Work order
In the records below, find each line with the word "Figure" and copy it.
*** Opening Provided records ***
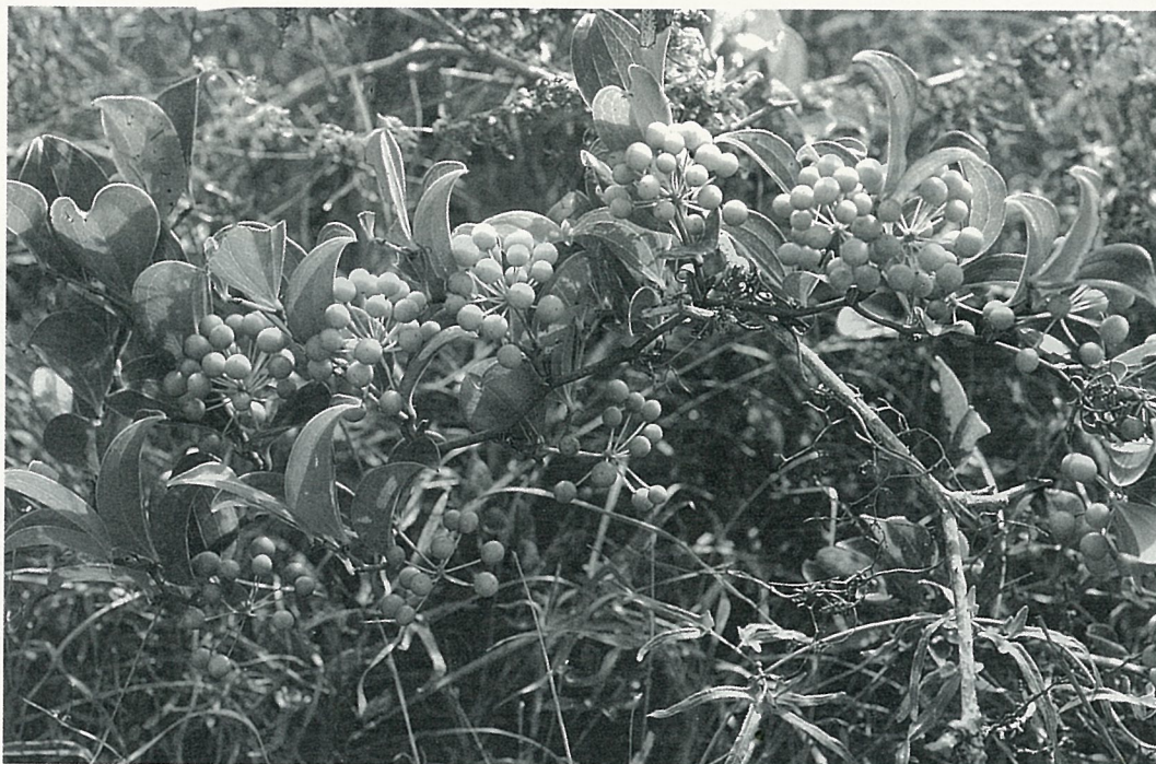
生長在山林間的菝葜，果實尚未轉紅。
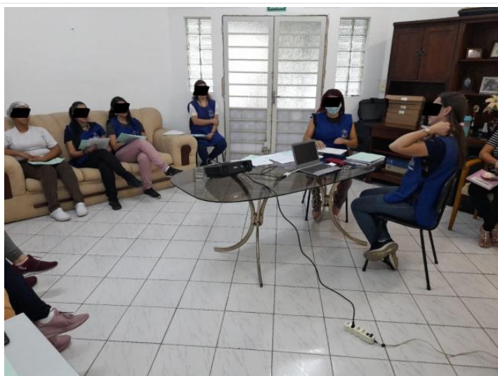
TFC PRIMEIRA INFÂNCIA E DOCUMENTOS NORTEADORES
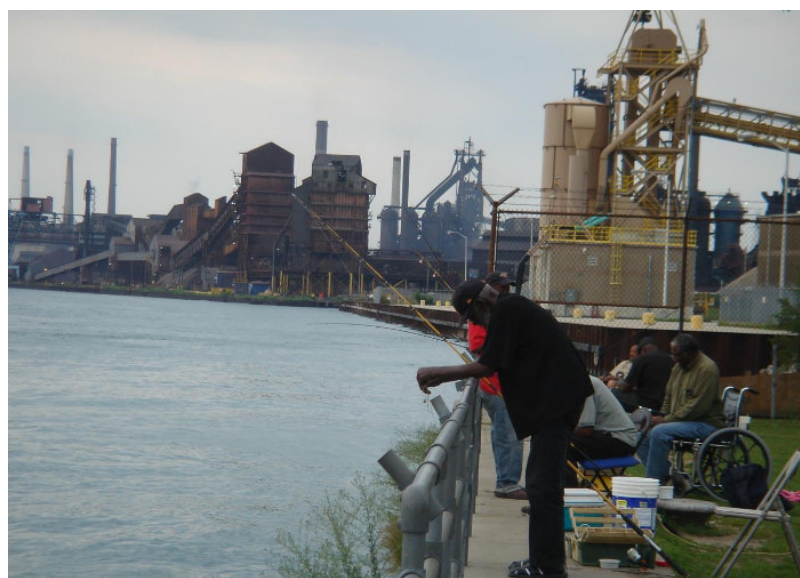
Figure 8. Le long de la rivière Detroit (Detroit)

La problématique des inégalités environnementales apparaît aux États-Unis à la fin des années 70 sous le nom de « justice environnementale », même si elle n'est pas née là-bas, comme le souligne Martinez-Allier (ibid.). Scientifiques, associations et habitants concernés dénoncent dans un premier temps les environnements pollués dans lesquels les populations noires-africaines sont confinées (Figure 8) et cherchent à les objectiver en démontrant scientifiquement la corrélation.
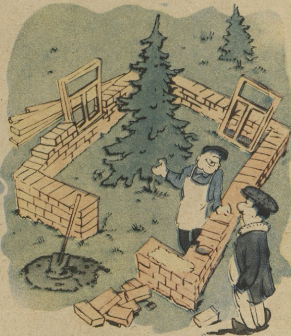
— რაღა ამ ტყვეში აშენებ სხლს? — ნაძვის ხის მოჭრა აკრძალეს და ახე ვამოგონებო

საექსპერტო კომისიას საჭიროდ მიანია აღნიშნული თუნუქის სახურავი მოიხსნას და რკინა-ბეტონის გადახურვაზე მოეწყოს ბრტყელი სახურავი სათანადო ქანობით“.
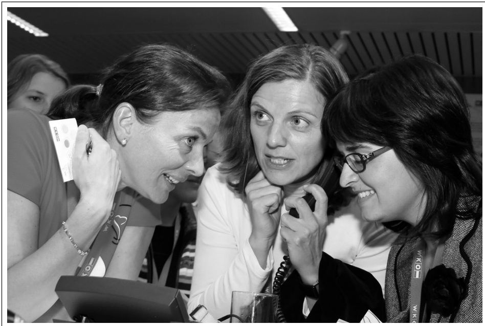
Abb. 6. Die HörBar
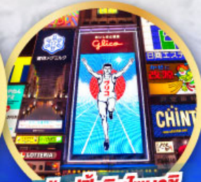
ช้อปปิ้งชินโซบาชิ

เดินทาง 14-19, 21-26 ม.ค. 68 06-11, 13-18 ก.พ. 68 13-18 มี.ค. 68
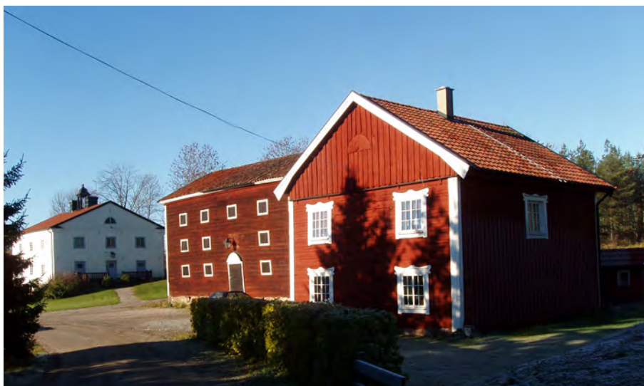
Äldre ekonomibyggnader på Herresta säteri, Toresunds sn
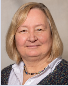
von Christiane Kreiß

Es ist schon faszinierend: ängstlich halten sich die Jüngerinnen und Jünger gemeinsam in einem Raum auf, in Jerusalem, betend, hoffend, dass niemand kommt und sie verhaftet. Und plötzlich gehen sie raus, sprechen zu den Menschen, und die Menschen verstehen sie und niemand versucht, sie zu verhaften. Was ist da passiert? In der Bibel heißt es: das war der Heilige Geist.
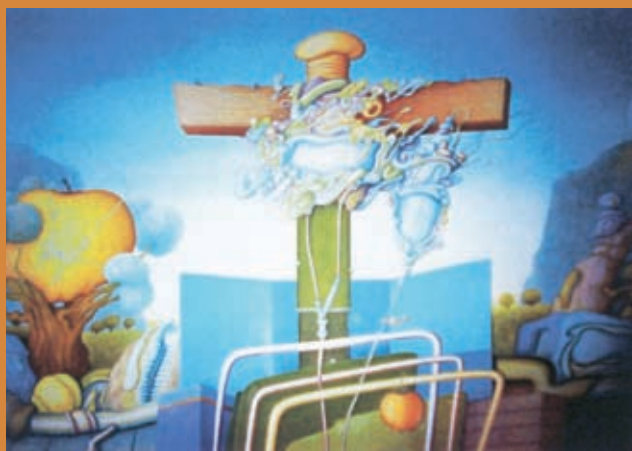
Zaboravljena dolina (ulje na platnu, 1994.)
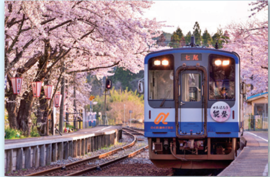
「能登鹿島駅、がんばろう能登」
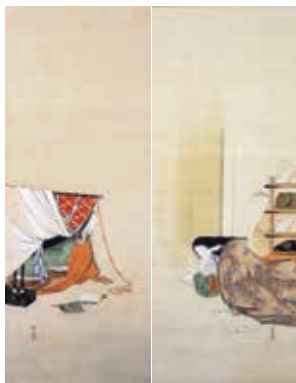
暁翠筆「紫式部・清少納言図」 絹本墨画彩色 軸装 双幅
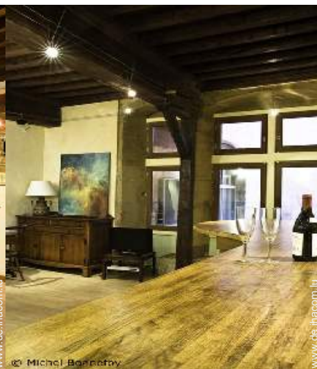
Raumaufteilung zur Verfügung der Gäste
*** Closing Provided records ***
*** Opening Provided records ***
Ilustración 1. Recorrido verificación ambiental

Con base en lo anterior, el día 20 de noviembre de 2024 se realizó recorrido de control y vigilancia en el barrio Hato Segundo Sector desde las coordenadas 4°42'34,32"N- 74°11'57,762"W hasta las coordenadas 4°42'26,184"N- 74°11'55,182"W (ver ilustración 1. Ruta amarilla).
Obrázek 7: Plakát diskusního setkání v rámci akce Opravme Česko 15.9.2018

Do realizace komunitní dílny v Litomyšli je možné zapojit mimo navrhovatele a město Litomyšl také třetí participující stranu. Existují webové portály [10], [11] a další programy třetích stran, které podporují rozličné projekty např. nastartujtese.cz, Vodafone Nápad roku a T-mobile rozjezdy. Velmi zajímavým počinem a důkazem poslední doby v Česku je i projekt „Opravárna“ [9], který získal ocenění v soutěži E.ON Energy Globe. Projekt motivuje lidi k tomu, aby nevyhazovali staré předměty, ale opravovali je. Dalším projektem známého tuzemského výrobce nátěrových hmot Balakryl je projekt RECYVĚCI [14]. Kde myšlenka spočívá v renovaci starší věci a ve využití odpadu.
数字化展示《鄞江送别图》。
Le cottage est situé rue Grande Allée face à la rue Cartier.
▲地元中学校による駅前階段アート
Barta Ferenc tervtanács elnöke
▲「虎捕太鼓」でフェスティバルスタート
*** Closing Provided records ***
Expected output
Figure 8. Le long de la rivière Detroit (Detroit)
La problématique des inégalités environnementales apparaît aux États-Unis à la fin des années 70 sous le nom de « justice environnementale », même si elle n'est pas née là-bas, comme le souligne Martinez-Allier (ibid.). Scientifiques, associations et habitants concernés dénoncent dans un premier temps les environnements pollués dans lesquels les populations noires-africaines sont confinées (Figure 8) et cherchent à les objectiver en démontrant scientifiquement la corrélation.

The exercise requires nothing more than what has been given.